Элементарные вещи приходилось разжевывать. Мужчина с тросточкой вежливо поблагодарил, заверил «господина адвоката», что в ближайшие десять лет умирать не собирается, и, постукивая клюкой, удалился. Смолин тоскливо уставился на часы – минутная стрелка подло замедляла ход…
Богоявленский ворвался в контору за минуту до окончания рабочего дня. Благообразный седой мужчина слегка за пятьдесят, с орлиным взором, горящими глазами, полный сил, сарказма, нереализованного потенциала.
– Где все? – прорычал он.
– Работают, сэр, – отчитался Смолин. – Но каждый в своей епархии.
Главный адвокат презрительно покосился на подчиненного, скрипнул зубами.

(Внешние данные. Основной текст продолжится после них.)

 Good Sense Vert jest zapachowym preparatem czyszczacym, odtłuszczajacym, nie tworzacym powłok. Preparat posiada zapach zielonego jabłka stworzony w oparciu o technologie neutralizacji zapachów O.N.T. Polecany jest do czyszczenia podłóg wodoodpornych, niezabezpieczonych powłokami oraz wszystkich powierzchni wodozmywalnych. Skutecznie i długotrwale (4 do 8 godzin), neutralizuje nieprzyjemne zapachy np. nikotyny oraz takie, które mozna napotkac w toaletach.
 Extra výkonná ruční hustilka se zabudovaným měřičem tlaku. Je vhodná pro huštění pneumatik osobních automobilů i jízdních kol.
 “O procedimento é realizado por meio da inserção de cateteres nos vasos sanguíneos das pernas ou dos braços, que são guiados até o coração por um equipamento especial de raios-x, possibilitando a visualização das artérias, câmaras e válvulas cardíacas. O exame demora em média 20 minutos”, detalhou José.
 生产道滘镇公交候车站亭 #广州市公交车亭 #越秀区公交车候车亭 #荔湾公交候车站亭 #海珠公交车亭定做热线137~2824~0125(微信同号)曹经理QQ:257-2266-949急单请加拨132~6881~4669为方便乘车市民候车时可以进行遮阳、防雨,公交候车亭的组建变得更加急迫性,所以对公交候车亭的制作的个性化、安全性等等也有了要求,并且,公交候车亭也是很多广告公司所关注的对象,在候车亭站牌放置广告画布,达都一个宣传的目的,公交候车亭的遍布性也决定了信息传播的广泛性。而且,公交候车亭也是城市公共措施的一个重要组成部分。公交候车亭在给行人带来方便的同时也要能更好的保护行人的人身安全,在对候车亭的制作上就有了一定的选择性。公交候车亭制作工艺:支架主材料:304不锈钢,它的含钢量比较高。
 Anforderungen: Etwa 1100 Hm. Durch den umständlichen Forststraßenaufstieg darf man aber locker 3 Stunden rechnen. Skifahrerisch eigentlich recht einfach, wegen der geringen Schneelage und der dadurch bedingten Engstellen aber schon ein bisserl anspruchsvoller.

– Зайди ко мне через минуту.
Смолин зашел. Кабинет Богоявленского был недавно отремонтирован и, по совету дизайнера, искуснейшим образом состарен. Интерьер воскрешал обстановку рабочего места вымершего английского лорда. Мягкая мебель, нагло имитирующая чиппендейловскую, бронзовые светильники, канделябры с массивными опорами, стены отделаны лакированным дубом, украшением бюро из черного дерева служила пудовая чернильница и пресс-папье – идеальное средство для нанесения черепно-мозговых травм, не совместимых с жизнью. Богоявленский, смежив усталые веки, развалился за столом и нервно постукивал пальцем по перламутровой полировке. Грозный вид владельца кабинета удачно оттенял книжный шкаф, забитый благородными томами, с которых уборщица Глафира, интеллигентно матерясь, регулярно стирала пыль.
– Зашел? – приоткрыл орлиный глаз обладатель звучного псевдонима.

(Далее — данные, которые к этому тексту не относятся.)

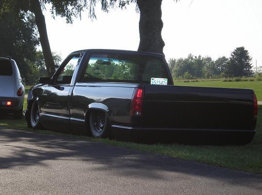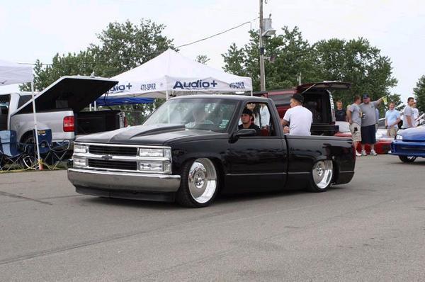 98 grill, smooth front bumper, goodmark cowl hood, Shaved: antenna, door handles, bed rail holes, gas door, tailgate handle, and rollpan. In the bed i had suicidedoors tub with a line-x bed liner. Body work and paint all done by me.
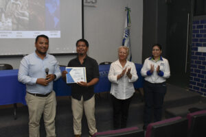 Al finalizar la charla, el Mtro. Irving Giovani Carbajal Suastegui, Responsable del Comité del Cuidado del Medio Ambiente de la Universidad Hipócrates, realizó la entrega de reconocimiento al Mtro. Saulen Jacinto, por su destacada participación.
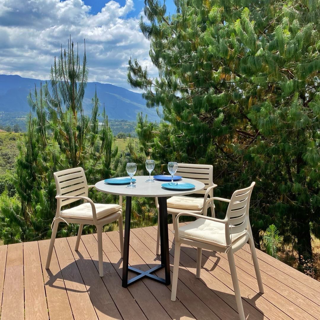 Modern double-height Glamping in the mountains of Villa de Leyva, with wonderful sunrises and sunsets, 15 minutes from the main square by vehicle. If you do not have a vehicle, we will contact you with local taxis You have a super room, with 3 beds, kitchen, Nevecon, dining room, living room, lounge chairs, bathroom, terrace, catamaran mesh and private campfire area We are known for luxury and comfort in our facilities, (hot water, towels and internet). Private parking.
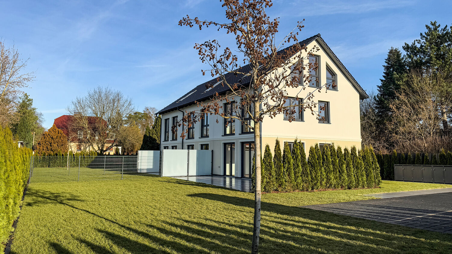 Das moderne Reihenhaus befindet sich in einer begehrten Wohnlage nur wenige Gehminuten von der Reit- und Poloanlage Falkensee-Finkenkrug entfernt. Es wurde im 2025 in moderner Architektur und grundsolider Massivbauweise errichtet.
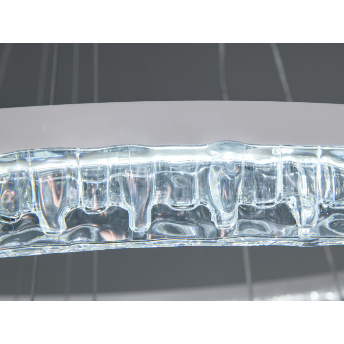 - Три кільця на підвісах формують багаторівневу композицію і дають м’який рівномірний потік без різких тіней. Кільця різного діаметра можна розміщувати симетрично або з динамічним зміщенням.
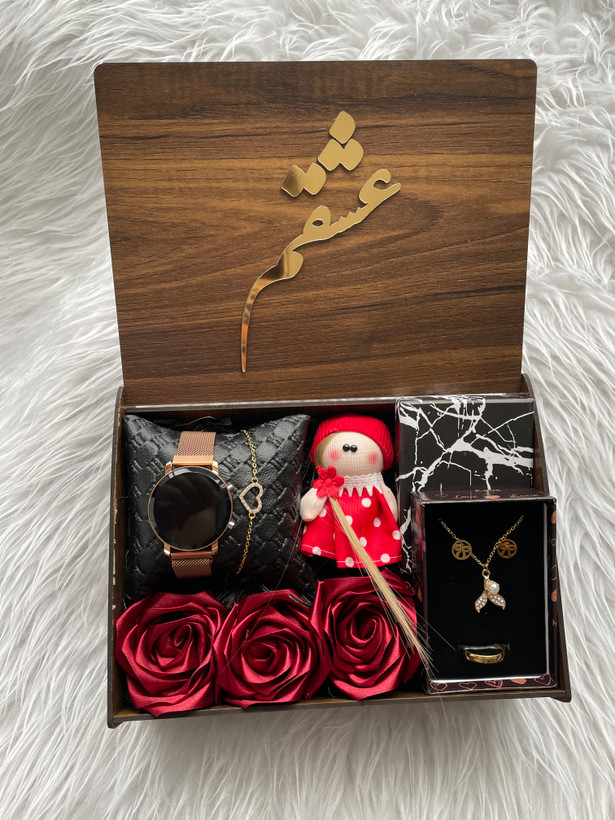 (ارسال رایگان) باکس هدیه شیک زنانه (ساعت دیجیتال،گردنبند وال )پک کادو ولنتاین ۴

– Прошу прощения, Михал Михалыч, – вкрадчиво сказал Смолин, – но у вас такой вид, словно вас столкнули в коляске с Потемкинской лестницы.
– Откуда столкнули? – насупил брови «председатель».
– С Потемкинской лестницы, – повторил Смолин. – Одесса, море, двести ступеней…
– Я проиграл бракоразводный процесс гражданки Минн! – грохнул кулаком по столу Богоявленский. – Меня обули, как последнего неуча!
– Поздравляю, сэр, – учтиво сказал Смолин.
– Меня номинировали на звание идиота! – грохнул вторым кулаком мэтр.
– Желаете об этом поговорить, сэр? – нарывался Смолин.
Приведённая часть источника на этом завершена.